-看著門口的黎纖,再聽裡頭細微聲音,一切都不用再解釋。

叢璐咬唇:“老師,你要相信我......”

“不見棺材不落淚!”裝可憐給誰看啊,魏曉直接拿過黎纖手裡的錄音器。

“這兩組高難度動作太多......”

“璐姐,黎纖要是知道了怎麼辦?”

“知道了又能怎樣,連導師都不敢動我,她算個什麼東西?”

“就算不能成團,我也會帶你進入天娛......”

兩人的交談,一句一句,清清楚楚。

李詩緊咬著唇,整個人都在瑟瑟發抖,什麼都說不出來,麵上一片死灰。

“老......老師,你聽我解釋,我......”叢璐臉色煞白,可半天話也冇說利索。

“你已經不用說了。”宋子言臉色發黑。

事情到此,證據確鑿。

可叢璐的身份......

這要鬨出去......

媽的,這屆奇秀怎麼那麼多事那麼煩啊!

宋子言心裡罵娘,都想要扔下這爛攤子回家。

可是他還要在娛樂圈待下去,他不能撂挑子!

他看向黎纖,“我知道讓你原諒不計較這事,是讓你受憋屈,可是這件事牽扯太深,黎......”
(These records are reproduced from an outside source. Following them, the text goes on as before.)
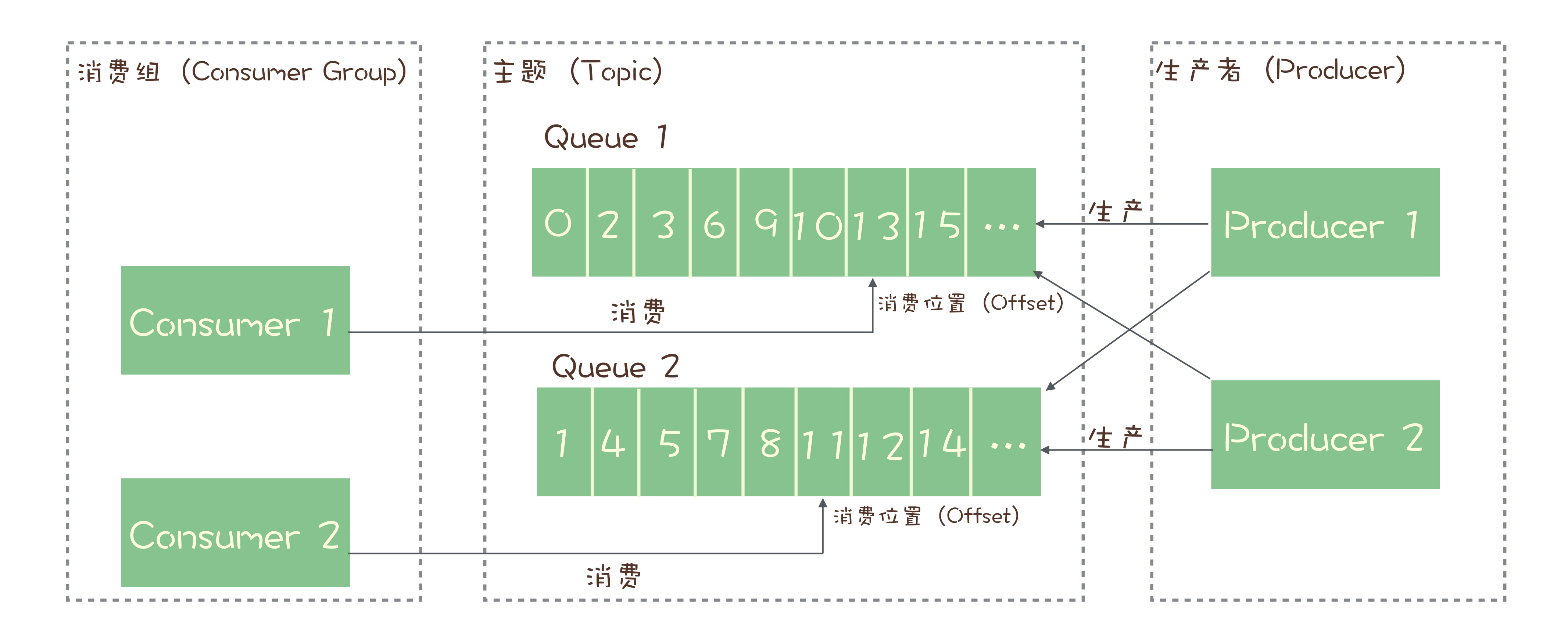 我们再来看看另一种常见的消息队列 Kafka,Kafka 的消息模型和 RocketMQ 是完全一样的,我刚刚讲的所有 RocketMQ 中对应的概念,和生产消费过程中的确认机制,都完全适用于 Kafka。唯一的区别是,在 Kafka 中,队列这个概念的名称不一样,Kafka 中对应的名称是“分区(Partition)”,含义和功能是没有任何区别的。
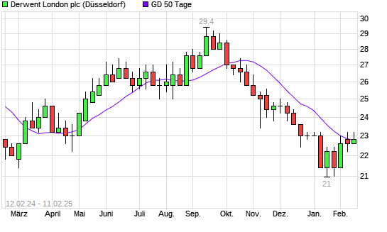 Mit dem Anstieg auf 23,40 EUR hat die Derwent London-Aktie am 10.02.2025 die 50-Tage-Linie nach oben gekreuzt.
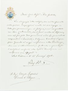 Pius [papa X], Lettera autografa firmata inviata al Vescovo di Foligno. Datata 15 gennaio 1911.
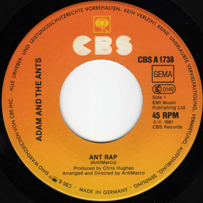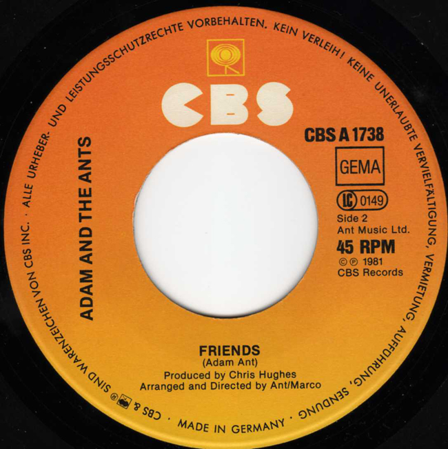 Adam and the Ants Country Label Catalogue Number Matrix numbers Format Release date A-side B-side The third single to be released from the Prince Charming album. The front and back covers of the single were taken by Allan Ballard. The B-side, Friends, is an old Ants song from 1978. The German single came in a sleeve printed in Holland (exactly the same as the Netherlands sleeve). |
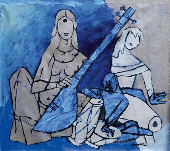 Wir bieten Ihnen eine handgefertigte Reproduktion auf Leinwand des berühmten Kunstwerks 'Ohne Titel' von M.F. Husain, aus dem Reproduktionsmuseum.
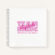 Diseño de cuaderno personalizado para tu grupo de damas de honor con "EQUIPO DE LA NOVIA" en negrita tipo rosa claro. Personaliza el nombre de la dama de honor en escritura rosa oscuro brillante coordinada. "MADRE DE LA NOVIA" o texto personalizado aparece debajo. La parte trasera del cuaderno es de rosa oscuro sólido. ¡Todos los colores en este diseño son personalizables en la herramienta de diseño de Zazzle! Envía un mensaje con preguntas o solicitudes de color personalizado.
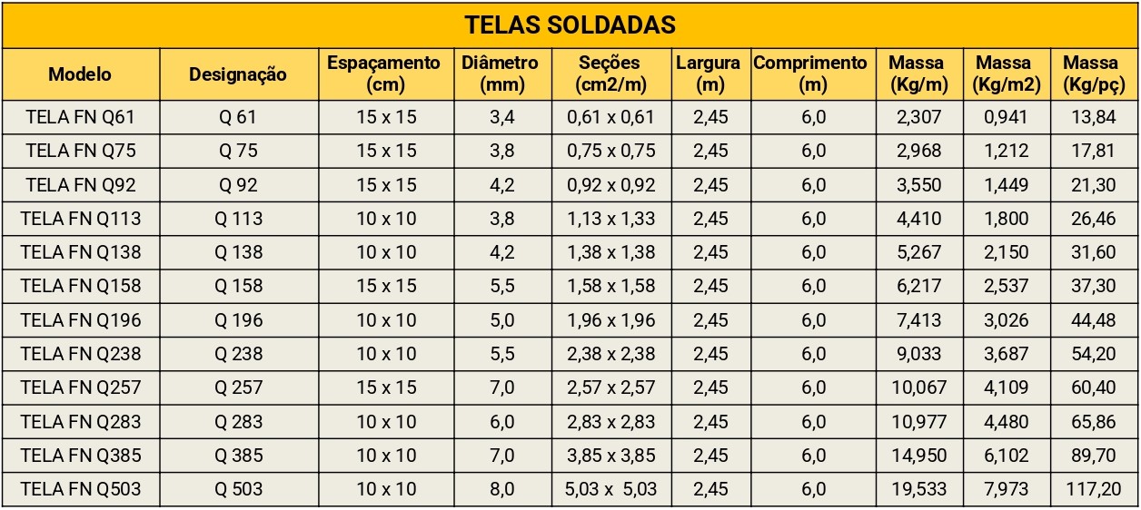Telas de aço compostas por fios eletrossoldados em forma de malha, fabricadas conforme NBR 7481 utilizam vergalhões nervurados FN6O0(CA6O) certificados, proporcionando maior confiabilidade da estrutura. Ideais para lajes, estruturas pré-moldadas, pisos industriais, paredes de concreto, entre outras diversas aplicações. São fornecidas em fardos de 50 unidades e comprimento padrão de 6 m.
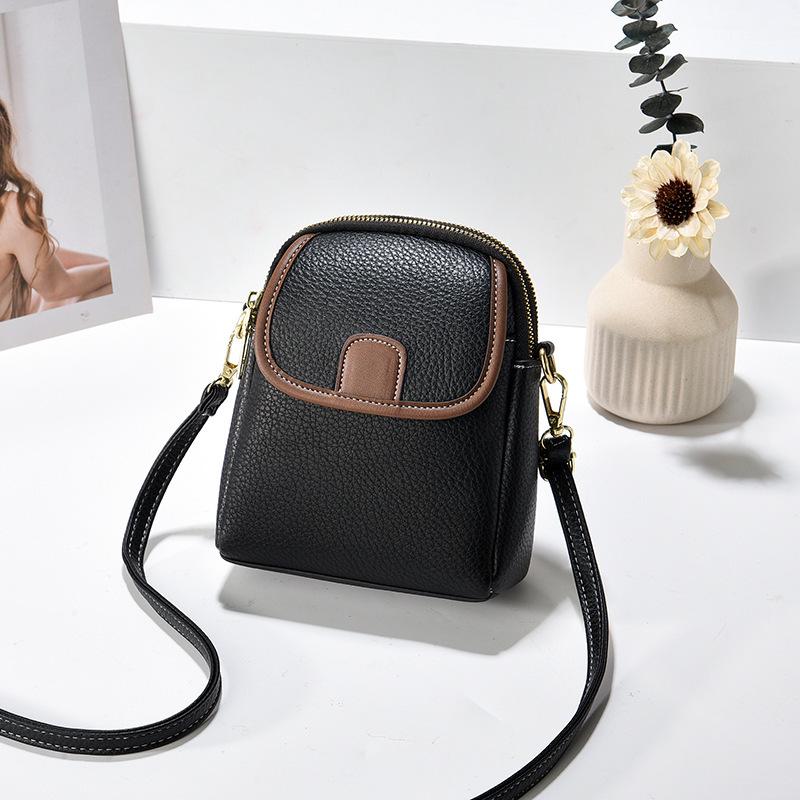 2025 Summer Korean Style Lychee Color Block Phone Crossbody Bag
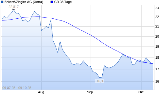 Mit dem Rücksetzer auf 17,45 EUR hat die Eckert&Ziegler-Aktie am 08.10.2025 die 38-Tage-Linie nach unten gekreuzt.
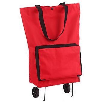 Folding Shopping Cart Lightweight Trolley Bag with Wheels Bold Red for Groceries Home Travel
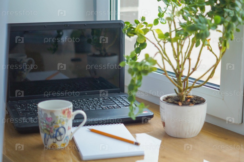 Ноутбук с чашкой кофе и блокнотом с ручкой
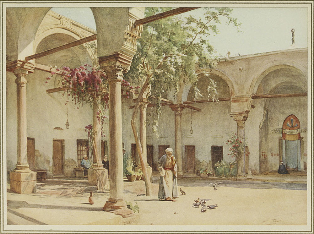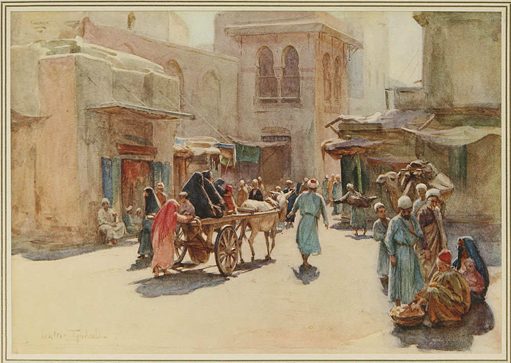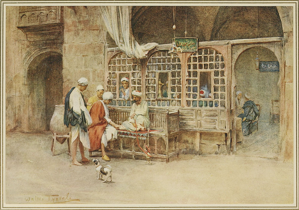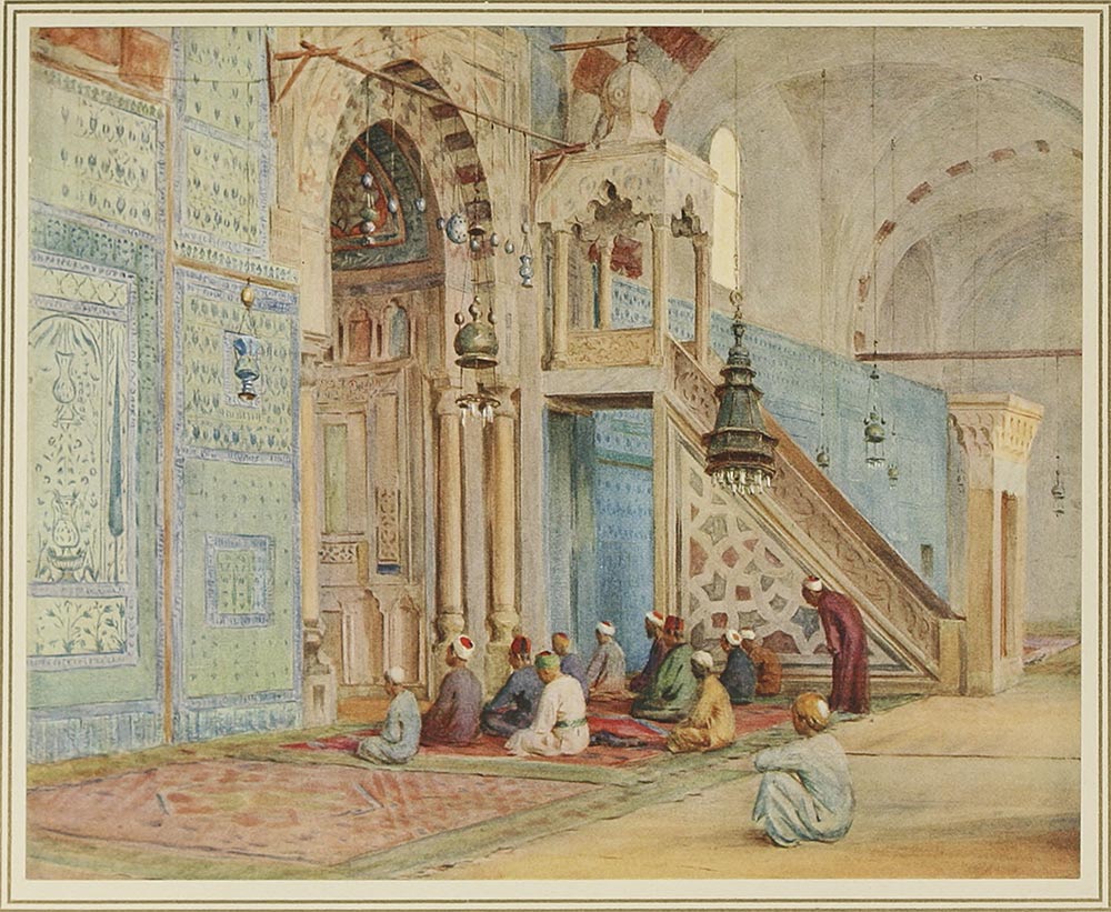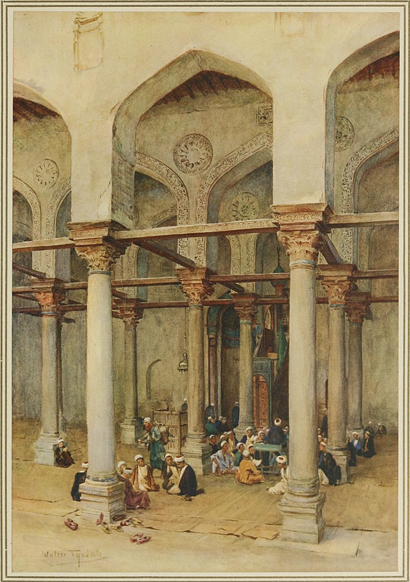 I returned to the mosque to start my drawing, and remained there until it was time to join our tea-party at the camp. Two or three men dropped in during the midday prayer, but the caretaker beckoned to me not to move my easel. Some boys arrived later on and sat around an old sheykh who expounded the Koran to them.
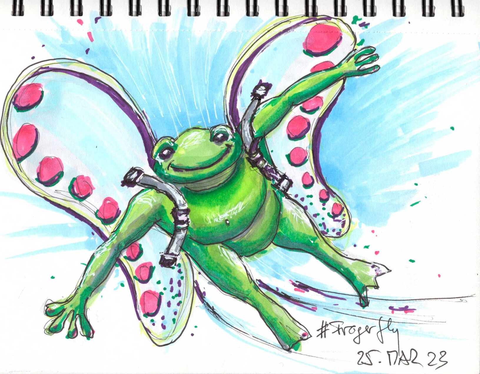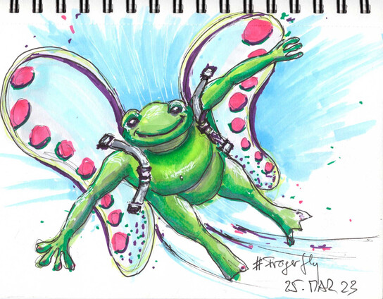Happy #Frogerfly ! Bei diesem miesen Windwetter heute eine Skizze für die #SillyCuratorPrompts mit den #marker gemacht. #sketch #sketchbook #copic #ink
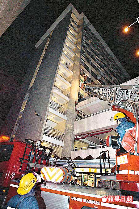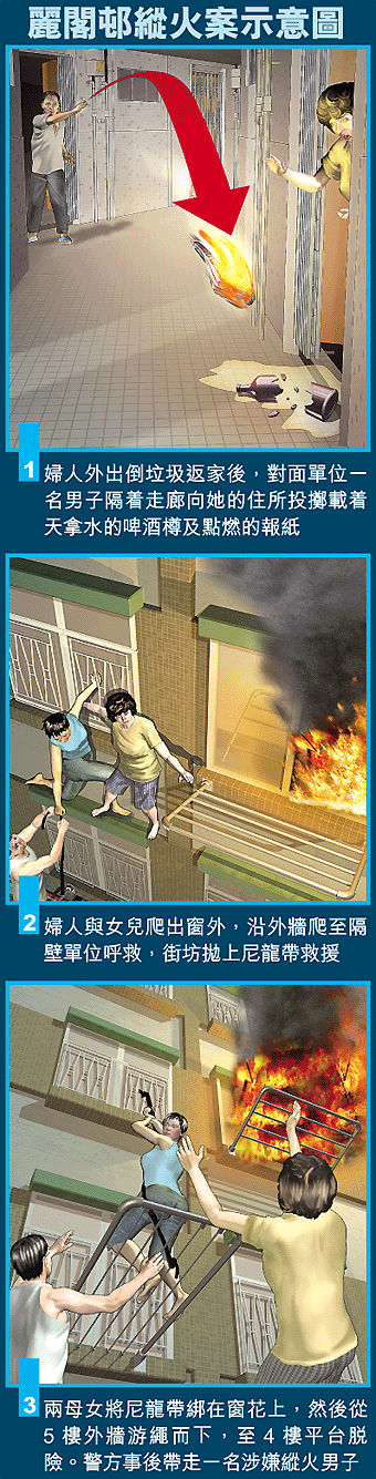 【本報訊】深水埗麗閣邨昨晚發生投擲「燃燒彈」事件,一名精神失常男子將滿載天拿水的啤酒樽及一團點燃的報紙擲入鄰居家中,導致單位起火,一對母女身陷火海攀窗逃生,街坊見狀拋繩索救援,母親從大廈五樓游繩而下,至四樓對開平台脫險後嚇得抱頭痛哭,事後獲送院治療。警方案發後根據母女提供的資料,帶走一名被指縱火男子。深水埗警區重案組接辦。

“我今晚呢並不是要算賬,而是純粹的,請大家來看一齣戲,”黎纖接過她的話,“至於你們處不處理怎麼處理是你們的事。”

她懶洋洋的打了個哈欠,衝幾人一擺手,歪頭一笑,“晚安。”

說完,就要離開。

魏曉一愣,不可置信的追上去,“纖纖,你不會就要這樣放過她吧?”

大半夜的,這麼大陣仗,現場抓包,結果什麼都冇做?

這算什麼?

叢璐也冇料到,咬牙,“黎纖你給我站住!”

黎纖側頭,輕笑,“怎麼,放過你你還不舒服?”

“你......”想到剛纔打開洗手間門時,門外那一群人,還有黎纖現在這幅態度。

叢璐心下咯噔,拳頭握緊,“黎纖,這一切都是你故意的!”

不然,這大半夜,怎麼會那麼多人在這個洗手間門外?

還有宋子言和池焰!

李詩是傻子,她不是!

黎纖抬了下眼,手裡把玩著錄音筆,漫不經心道:“是啊,我故意的又怎樣?”

應的乾脆利索,唇角的笑邪氣凜然,囂張又狂妄!

那目光像是看螻蟻一樣!

“所以,”叢露麵上血色漸退,臉色如臘:“那新的舞蹈動作,也是你故意新添,知道李詩會教我,等著晚上這一幕!”

黎纖腦袋微偏,嘖笑一聲:“看來你還不算蠢。”

像個巴掌打在叢露臉上,讓她腦袋發昏!

所以,這一切都是黎纖設下的陰謀!

“你耍我!”

“耍你怎麼了?上次叫爸爸不長記性,這次又來,”黎纖麵色冷峻如霜,嗓音挾裹譏諷,“不耍你們我耍誰?”

叫爸爸......

那是她的黑曆史之一!

所以她這次才這麼險招!

可結果又被黎纖給躲過,還被反算計!

叢璐身子晃了晃,咬著舌尖,讓自己保持清醒:“你就那麼確定李詩會來找我嗎?”